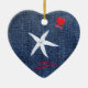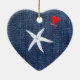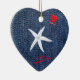 Coastal Theme Valentine's Day Red Heart & Starfish Ceramic Ornament
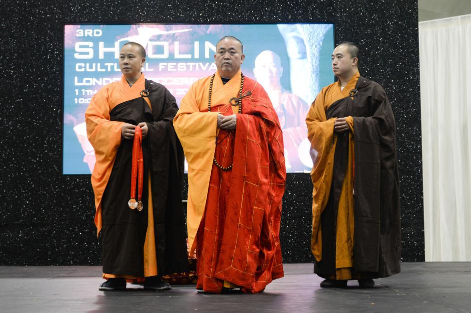 London, UK. 12th October, 2014. Shi Yongxin abbot of the Shaolin Temple awards medalist to students at the 3rd Shaolin Festival at London Soccerdome in London. Credit: See Li/Alamy Live News
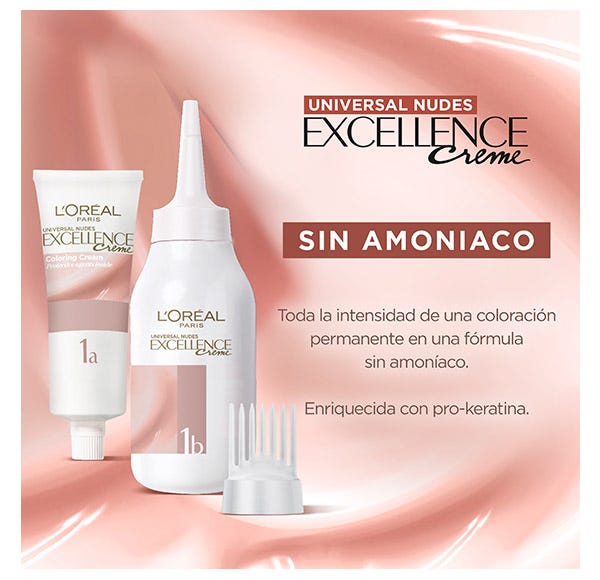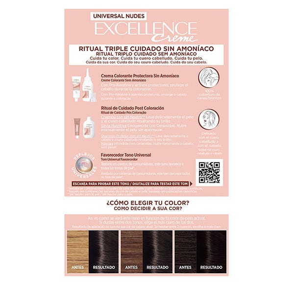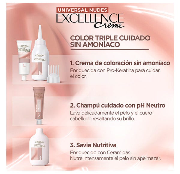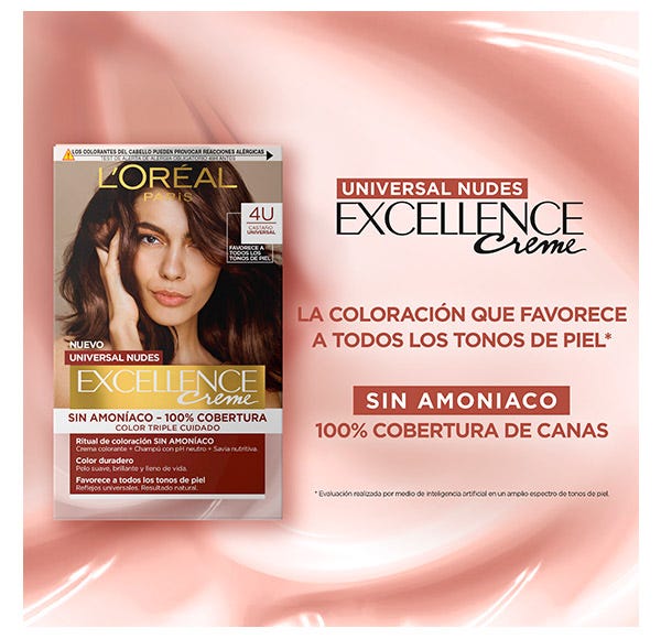 Excellence Universal Nudes cuenta con una extensa paleta de 10 tonos universales que favorecen a todos los tonos de piel*. Su fórmula Triple Cuidado protege el cabello antes, durante y después de la coloración
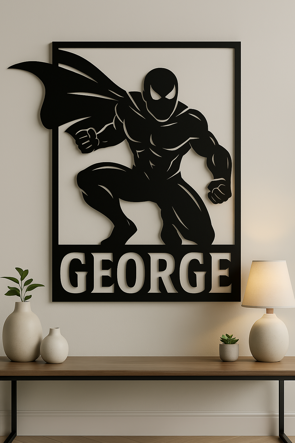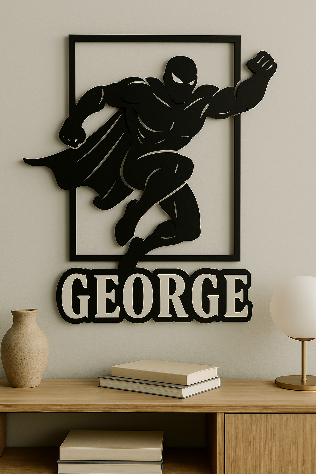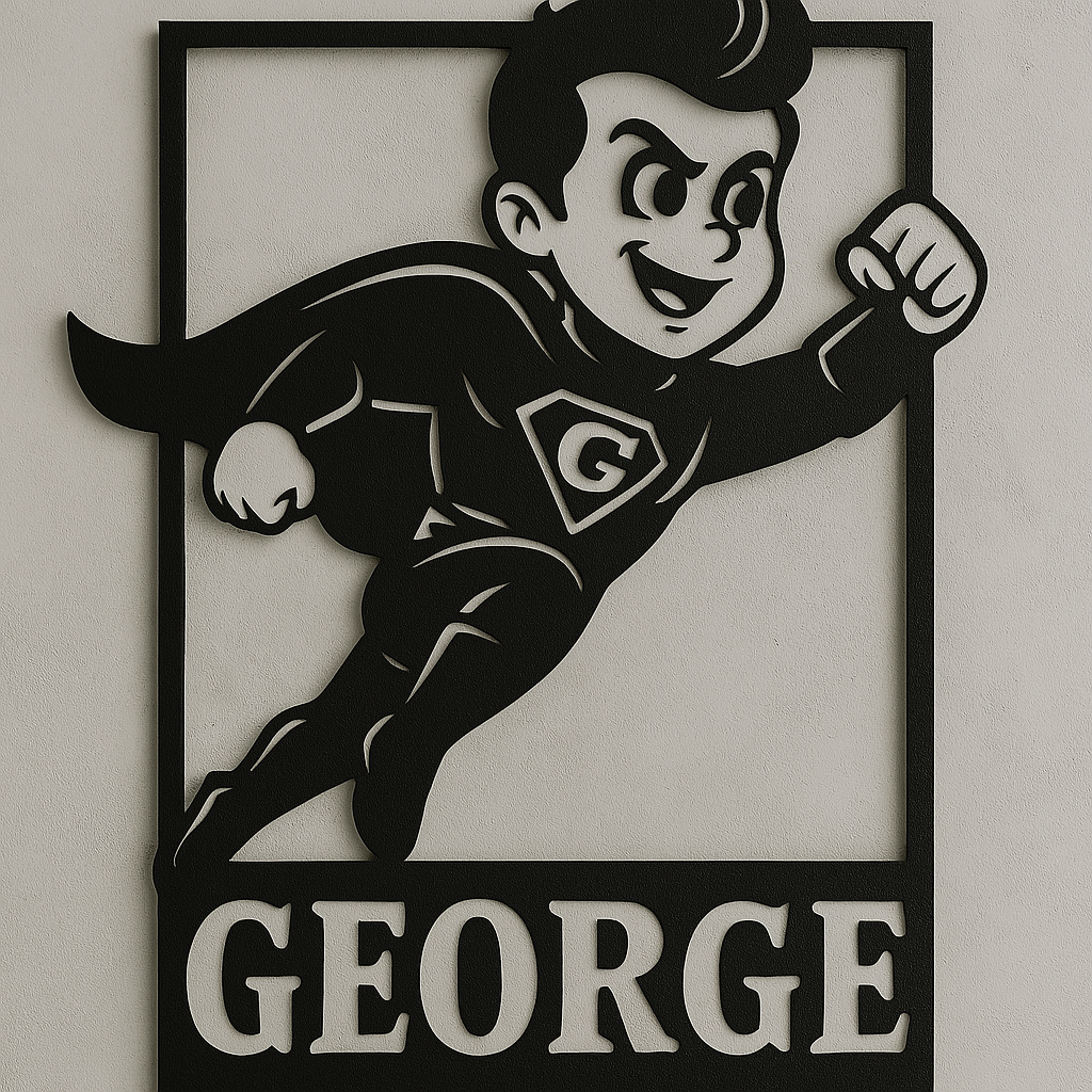 Pe lângă silueta impresionantă, acest decor include numele tău sau al persoanei dorite (în cazul de față „GEORGE”), ceea ce îl transformă într-un cadou unic și memorabil pentru orice fan al supereroilor.

○ ○ ○

**Exercise instructions:**
Each line from the first line of the listing above through the line containing "Excellence Universal Nudes" is to be written out exactly, and the pictures are to be left out.

**Your solution:**
 Coastal Theme Valentine's Day Red Heart & Starfish Ceramic Ornament
 London, UK. 12th October, 2014. Shi Yongxin abbot of the Shaolin Temple awards medalist to students at the 3rd Shaolin Festival at London Soccerdome in London. Credit: See Li/Alamy Live News
 Excellence Universal Nudes cuenta con una extensa paleta de 10 tonos universales que favorecen a todos los tonos de piel*. Su fórmula Triple Cuidado protege el cabello antes, durante y después de la coloración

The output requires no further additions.